As expected, this week the Bank of England announced another increase to base rate. The base rate has now increased to 0.5%, having previously moved from 0.1% to 0.25% in December.
What’s more, there are further increases expected this year.
Some lenders have already reacted to the expectations of base rate rises, increasing what they charge on their buy-to-let products, with others almost certain to follow now that the Bank of England’s Monetary Policy Committee has finally pulled the trigger on a rate increase.
The message is pretty clear – borrowing costs are only likely to rise from here.
2022 – the year of the remortgage
This is particularly notable given the fact that, while 2021 was a year dominated by purchase business, this year is set to see significant levels of remortgaging within the buy-to-let market.
Industry figures have shown that the coming 12 months will see a vast number of five-year fixed rate buy-to-let deals reaching maturity. Back in 2017, the Prudential Regulation Authority introduced tougher new underwriting standards, and the result was a sharp jump in the number of landlords opting for five-year fixed deals in order to pass affordability tests.
To put this jump into perspective, in January 2017 a little over 4,000 fixed rate buy-to-let deals were taken out.

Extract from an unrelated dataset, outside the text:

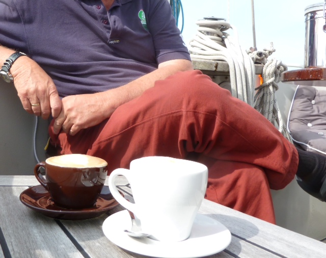 Cowes. Sie werden vielfach auch Cowes Hosen genannt. Ich kenne sie mehr unter dem Namen Captain Currey. Sie ist die Hochseeseglerhose. Es ranken sich viele Geschichten um das verwaschene Rot. So darf man im Norddeutschen Regatta Verein die rote Hose auch zur Abendgarderobe tragen, wenn man den Atlantik übersegelt hat. Genauso ist es im berühmten New York Yachtclub. Davon konnten wir uns selbst überzeugen, denn wir haben mit der Heimkehr 6 Wochen vor dem schlossähnlichen Clubhaus in Newport R.I. vor Anker gelegen. Da kamen abends die Gentlemen in den Taxibooten. Oben Smoking, unten rote Hose. Wir finden sie auf jeden Fall total bequem. Sea U Bert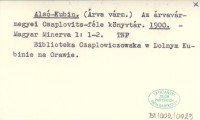 Alsó-Kubin. (Árva vármegye.) Az árvavármegyei Csaplovits-féle könyvtár. 1902

Since then it has gradually increased to regularly sit at around 10,000 a month.
These deals will be coming to an end in the months ahead, with landlords facing the prospect of a sharp increase in their repayment costs if they don’t refinance.
Reducing costs by consolidating
For some landlords, simply moving to a new buy-to-let deal will be appropriate. However, brokers may find that their professional landlord clients’ finances are better suited through taking advantage of a portfolio mortgage.

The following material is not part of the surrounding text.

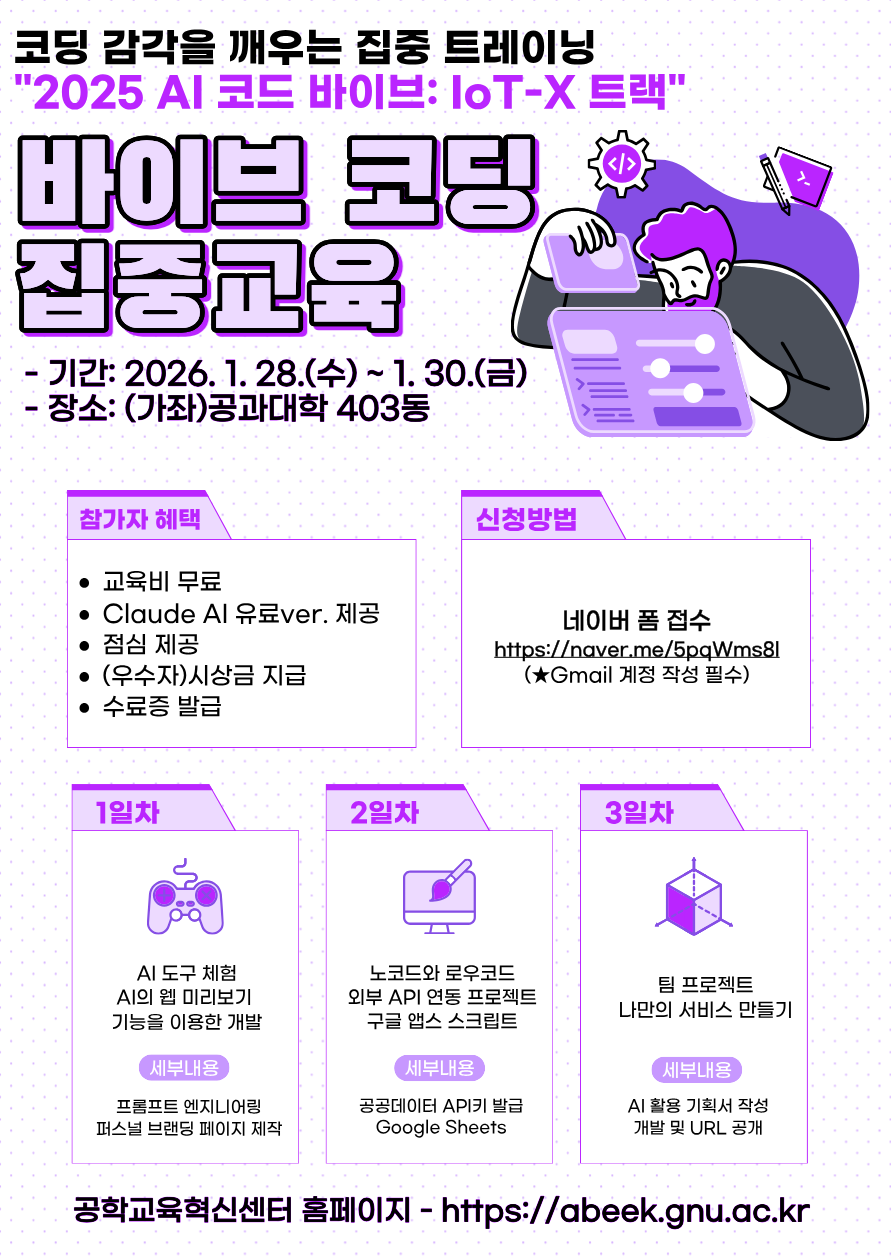 공학교육혁신센터에서는 공학계열 학부생 대상으로 코딩 진입장벽 완화 및 AI 협업 능력 함양 목적으로 2025 바이브 코딩(Vibe coding) 집중교육 프로그램 참가학생을 모집하오니 관심있는 학생들의 많은 참여 바랍니다.

Managing a portfolio in this way can not only mean that the borrower benefits from more competitive pricing, but also enjoy a far more straightforward repayment schedule. After all, it’s always going to be easier to have one monthly repayment to monitor than a handful, all from different lenders, potentially on different days across the month.
Portfolio mortgages can also deliver more flexibility, which is always a feature valued by those who make their money from property investment.

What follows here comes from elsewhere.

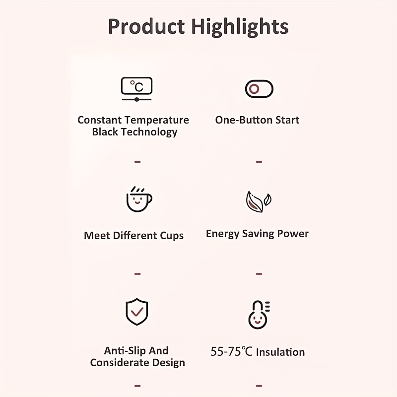 It offers three temperature levels—low, medium, and high—allowing users to customize warmth for coffee, tea, milk, herbal infusion, or hot water. The built-in 8-hour safety timer automatically powers off the device, preventing overheating and ensuring energy-efficient use during long work or study sessions.

Raising funds for improvements
Consolidating in this way also makes sense for landlords who want to raise funds in order to improve their portfolios.
After all, the clock is ticking when it comes to the government’s new energy performance certificate (EPC) expectations. Currently, properties can be rented out so long as they have a minimum of an E rating on their EPC, but this is being hiked to a minimum of a C rating from 2025. This initially applies only to new tenancies, before being extended out to all tenancies from 2028.
However, an awful lot of rental properties are not at this level yet, and will require various improvements in order to still be eligible to be rented out. A study by Shawbrook Bank found that just under a quarter of landlords say their properties are currently rated a D at best, while previous studies have found significant numbers of investors are completely in the dark about the new requirements.
This presents brokers with a clear opportunity, not only to educate their clients on the new standards their rental properties will have to deliver, but also assist them in finding the finance needed in order to fund the work needed to help them hit that level.
Working with specialists
Placing portfolio mortgage cases can be a complex process, with the products and criteria employed by the lenders active in this area of the market varying sharply.
That’s where working with a specialist distributor can make all the difference. Specialists work on getting these cases over the line on a daily basis and are well placed to ensure that your clients benefit from the best possible portfolio mortgage deal.